ANIMAL Eating....the Ethics #1


In our society today the raising, and killing, of animals, to fill our appetite, is not as clean and simple as we would like to think or believe  -  Keith Hunt

ETHICS  OF  EATING  ANIMALS

by  Michael Pollan - from his book "Omnivore's  Dilemma"


Eating meat has become morally problematic, at least for people who take the trouble to think about it. Vegetarianism is more popular than it has ever been, and animal rights, the fringiest of fringe movements until just a few years ago, is rapidly finding its way into the cultural mainstream. I'm not completely sure why this should be happening now, given that humans have been eating animals for tens of thousands of years without too much ethical heartburn. Certainly there have been dissenters over the years—Ovid, St. Francis, Tolstoy, and Gandhi come to mind. But the general consensus has always been that humans were indeed omnivores and, whatever spiritual or moral dilemmas the killing and eating of animals posed, our various cultural traditions (everything from the rituals governing slaughter to saying grace before the meal) resolved them for us well enough. For the most part our culture has been telling us for millennia that animals were both good to eat and good to think.
In recent years medical researchers have raised questions about the good to eat part, while philosophers like Singer and organizations like People for the Ethical Treatment of Animals (PETA) have given us new reasons to doubt meat is good to think—that is, good for our souls or our moral self-regard. Hunting is in particularly bad odor these days, even among people who still eat meat; apparently it's the fact of killing that these people most object to (as if a steak could be gotten any other way), or perhaps it's the taking pleasure in killing an animal that is the trouble. It may be that as a civilization we're groping toward a higher plane of consciousness. It may be that our moral enlightenment has advanced to the point where the practice of eating animals—like our former practices of keeping slaves or treating women as inferior beings—can now be seen for the barbarity it is, a relic of an ignorant past that very soon will fill us with shame......

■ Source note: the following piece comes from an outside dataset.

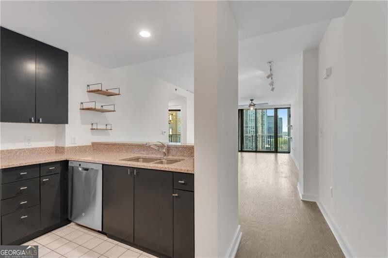 Building is FHA Approved! FRESH Sherwin Williams Alabaster Paint through-out! Open the foyer door to beautiful site-finished hardwood flooring in sandalwood stained color spanning through the entire unit! Sherwin Williams popular Iron Ore Painted 42 cabinets. Stainless steel appliances include gas cooking! True walk-in laundry w/cabinets - No stack units here! Spacious dining/living areas w/wood accent wall leads to the oversized balcony extended behind the bedroom as well. Views of Buckhead Skyline, Kennesaw Mountain and Stone Mountain! Updated lighting package through-out. Tile bath w/iron ore painted cabinets. True 1 bedroom plan. Unit includes a wine locker in the community wine room! Covered parking spot in the secure gated parking garage. Enjoy high rise living from the 17th floor at the Buckhead Grand along with clubhouse, top floor SKY Bar (w/bartending service), swimming pool (with towel service), gym, yoga room, spa, pet walk and outdoor grills! Secured gated parking, 24 hour concierge, doorman/porter service. Excellent location not only 1 block off 400, but directly across the street from Nordstrom Rack, La Parrilla Mexican coming soon , and just a short walk to Bistro Niko, Ru San's, Maggiano's!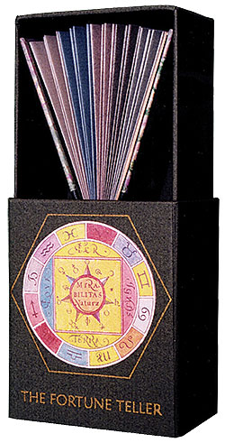 Thirty-second sound bites, fleeting images glimpsed from a car window, or snatches of music spark unlikely offspring, such as The Fortune Teller. Inspired by a brief BBC Antiques Roadshow segment, this unique fan-shaped binding mimics the fortune-telling skirt of an antique doll, recreating a traditional entertainment in book form. Book size 2.75” x 1.75” x 2.5”. Includes decorated box. Edition of 49, CA$ 215.00.

Whatever the cause, the effect is an unusual amount of cultural confusion on the subject of animals. For at the same time many of us seem eager to extend the circle of our moral consideration to other species, in our factory farms we're inflicting more suffering on more animals than at any time in history. One by one science is dismantling our claims to uniqueness as a species, discovering that such things as culture, tool making, language, and even possibly self-consciousness are not, as we used to think, the exclusive properties of Homo sapiens. And yet most of the animals we eat lead lives organized very much in the spirit of Descartes, who famously claimed that animals were mere machines, incapable of thought or feeling. .....A few years ago the English writer John Berger wrote an essay called "Why Look at Animals?" in which he suggested that the loss of everyday contact between ourselves and animals—and specifically the loss of eye contact—has left us deeply confused about the terms of our relationship to other species. That eye contact, always slighdy uncanny, had brought the vivid daily reminder that animals were both crucially like and unlike us; in their eyes we glimpsed something unmistakably familiar (pain, fear, courage) but also something irretrievably other (?!). Upon this paradox people built a relationship in which they felt they could both honor and eat animals without looking away. But that accommodation has pretty much broken down; nowadays it seems we either look away or become vegetarians. For my own part, neither option seemed especially appetizing; certainly looking away was now com pletely off the table. Which might explain how it was I found myself attempting to read Peter Singer in a steakhouse.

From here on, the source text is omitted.